Kara becomes Sporty Bastard –

This name is a combination of two separate instances. The first part being from a luncheon chat with Enigma – because apparently skiing, snowboarding, trail running, hiking, weight training, playing both soccer and ultimate Frisbee, and running triathlons makes you a bit of an oddity. Initially he suggested Sporty Spice, but I had little desire to be associated with a 90’s British pop band, and thus it was shorted to Sporty. The second part of my trail name came later that same day during a particularly brutal hill climb. The group was discussing the merits of marriage without children (as ya do) and I mention that my parents only got married once they knew there were having kids and I was conceived – something I feel has influenced my own relaxed take on marriage – Enigma cries out “you’re a bastard!” which I think is hilarious and so I adopt the trail name Sporty Bastard, Sporty for short. I’m sorry Mom and Dad if that offends you 😀

Runners up for my trail name included: Second Shoe, Tracker, The Hair, and a handful of others that were just lame. People on the PCT reaaaally want to give out trail names.

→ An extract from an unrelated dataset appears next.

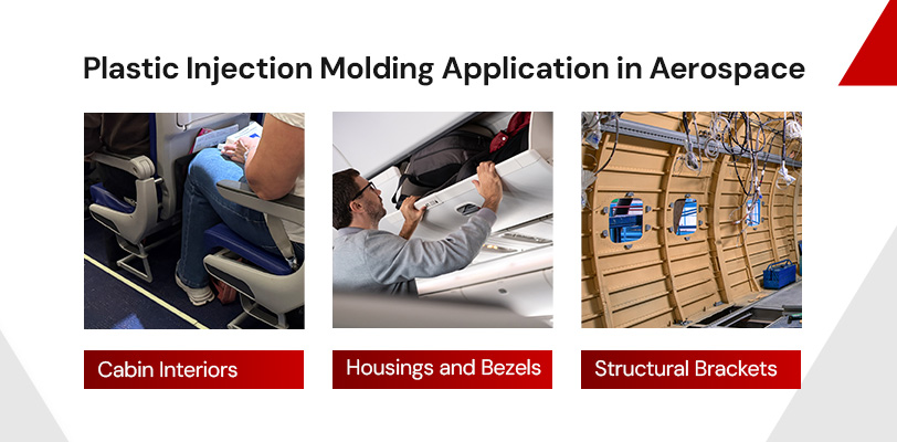 À l'instar de l'industrie automobile, le secteur aérospatial recourt au moulage par injection de plastique pour réduire le poids sans compromettre la sécurité. Les intérieurs des avions comportent de nombreux composants moulés qui répondent à des normes strictes en matière d'inflammabilité et de toxicité des fumées. Parmi ceux-ci, on peut citer :

So why did I change my tune on trail names? First, because I think Sporty Bastard is fitting, and it’s something I never would have thought of on my own. I abhor the task of describing myself and cringe every time I’m asked for a bio. But it’s fun to hear what other people see in you. Second, I’ve always needed an outlet for my excess energy and tendency to grow bored quickly, and physical activity has often filled that need. Being active is a deeply ingrained part of who I am. Third, I’m a fan of the fact that it’s a gender neutral name, and the fact that it makes me and others laugh every time I say it. I also like that people don’t mispronounce it unlike with my real name. And finally, I am a bit of a bastard, not just by birth (because I was only conceived out of wedlock, not born out of it), but also by my contrarian nature and general disregard for arbitrary/unearned authority.